Я мысленно хмыкнула. В самом деле, мне она казалась ребенком, но сейчас я и сама выгляжу как недавний ребенок. Не говорить же, что я в три раза старше нее? Да и не настолько старше, как показывает практика: сейчас у меня тоже самоконтроля не больше чем у подростка.
— Вот вы и почти пришли в себя, графиня, — улыбнулась я. — Отдохните.
Варенька свернулась калачиком на диване, зябко передернув плечами. В комнате действительно было прохладно: солнце, светившее все утро, ушло, за окном повисла тусклая сырость, тяжелые серые тучи затянули небо.
Я огляделась, но ничего похожего на одеяло или плед не нашла.
— Я видела плед в спальне тетушки, — тихо сказала я доктору. — Пойдемте вместе, чтобы вы убедились: я ничего не брала и не перекладывала.
Иван Михайлович улыбнулся.
— Вы вполне могли сделать что угодно утром, до приезда исправника, как и любой из остальных обитателей дома. Но я провожу вас: юной девушке наверняка неуютно находиться в одном помещении с покойницей, тем более…
Он не стал договаривать. А я не стала говорить ему, что не боюсь мертвых.
Дедушка умер, когда я гостила у него летом в деревне. Отец не смог вырваться с работы сразу: бывший тесть не считался близким родственником.
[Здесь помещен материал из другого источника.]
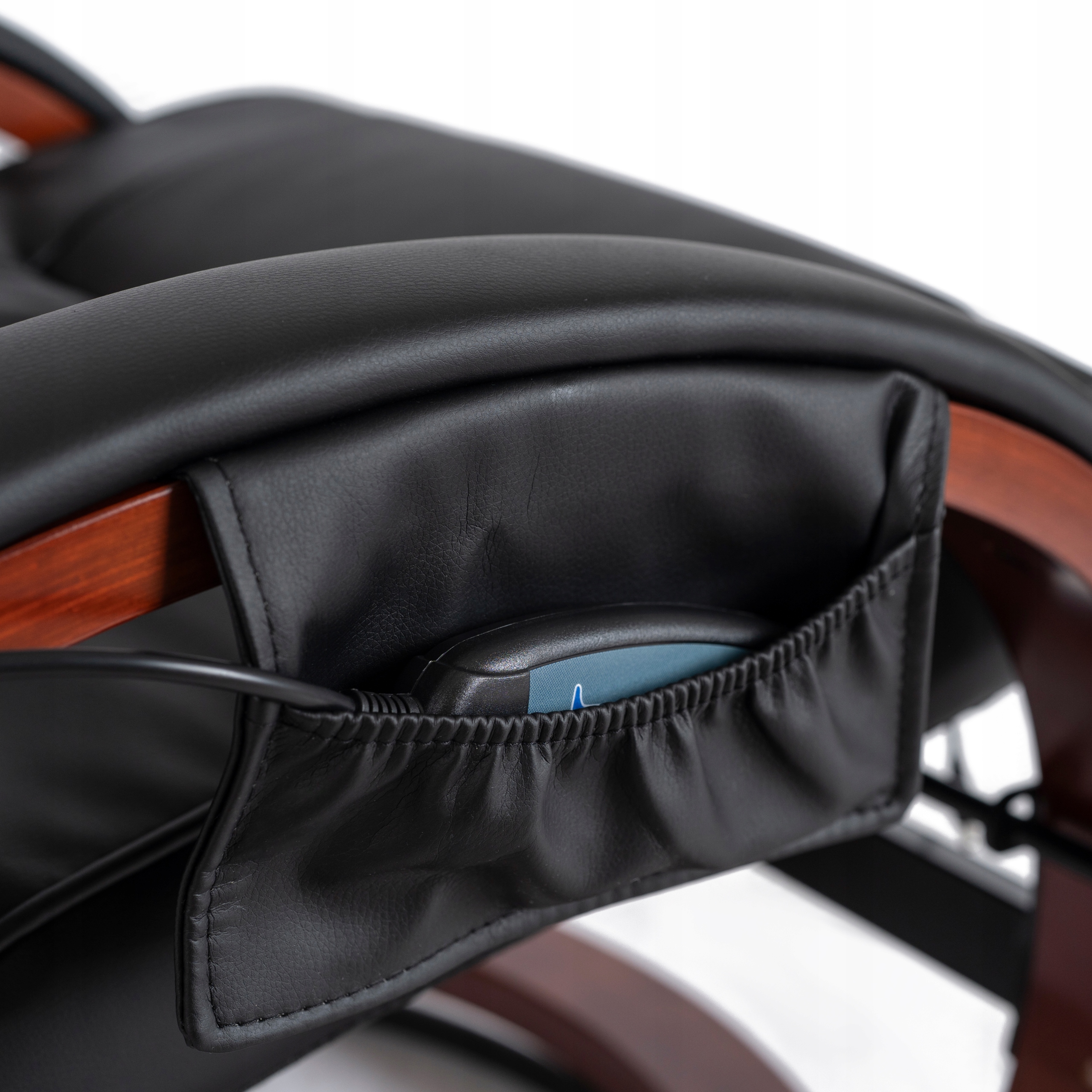 Dodatkowo pilot ma swoje stałe miejsce – poręczną boczną kieszeń, dzięki której zawsze jest pod ręką. To rozwiązanie sprawia, że korzystanie z fotela jest nie tylko komfortowe, ale też wyjątkowo wygodne na co dzień.

И два дня я оставалась с телом одна в деревенском доме.
Никогда я не была особо набожной, но тогда достала дедов молитвослов и, когда не спала и не ела, читала все подобающие случаю слова. Если бога нет — они не повредили ни мне, ни деду. Если есть — возможно, помогли. Обрядить тело к похоронам помогли соседки, а гроб дед приготовил себе задолго до того, еще когда не стало бабушки.
Это напомнило мне еще кое о чем.
— Покойницу надо обмыть и обрядить, — произнесла я негромко, чтобы не слышала Варенька. — Или вы будете проводить вскрытие?
4.2
— Не буду: причина смерти очевидна.
Доктор сам взял из кресла плед, встряхнул его, прежде чем сложить. Была ли это попытка мне помочь — или проверка, что я не унесу вместе с пледом что-то, что могло бы изменить картину убийства?
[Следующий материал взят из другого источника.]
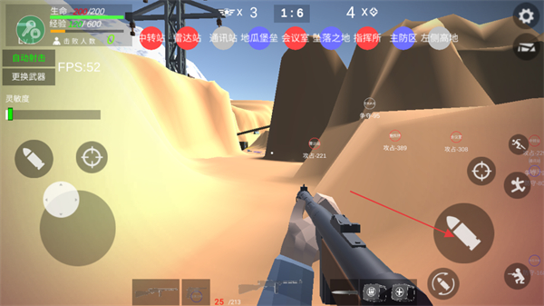 4、遭遇大量敵人時(shí),點(diǎn)擊手雷按鈕,利用手雷進(jìn)行范圍攻擊。

— Укройте Варвару Николаевну. — Он протянул мне плед. — Я посижу с ней на всякий случай. Пока мы ждем возвращения Кирилла Аркадьевича, я опишу все, что увидел. Пожалуй, и положение вещей в комнате.
— Я не знаю, где у тетушки бумага и чернила, — призналась я. Все равно довольно быстро вылезет, что я не ориентируюсь в доме, так что и притворяться незачем.
— Не беспокойтесь, у меня есть свои.
Мы вместе вернулись к девушке, которая уже посапывала. Я накинула на нее плед, доктор устроился за столом, извлек из своего, кажется, бездонного сундучка письменные принадлежности и начал покрывать бумагу закорючками. Я заставила себя отвести взгляд от самого настоящего птичьего пера, служившего ему ручкой.
— Я растоплю печь, если вы не возражаете.
— Конечно, нет. — Он оторвался от письма. — И насчет покойницы… Пошлите Герасима в деревню, пусть позовет женщин. Они все сделают.
— Мне нечем с ними расплатиться. Возможно, у тетушки были деньги, но… — Я развела руками.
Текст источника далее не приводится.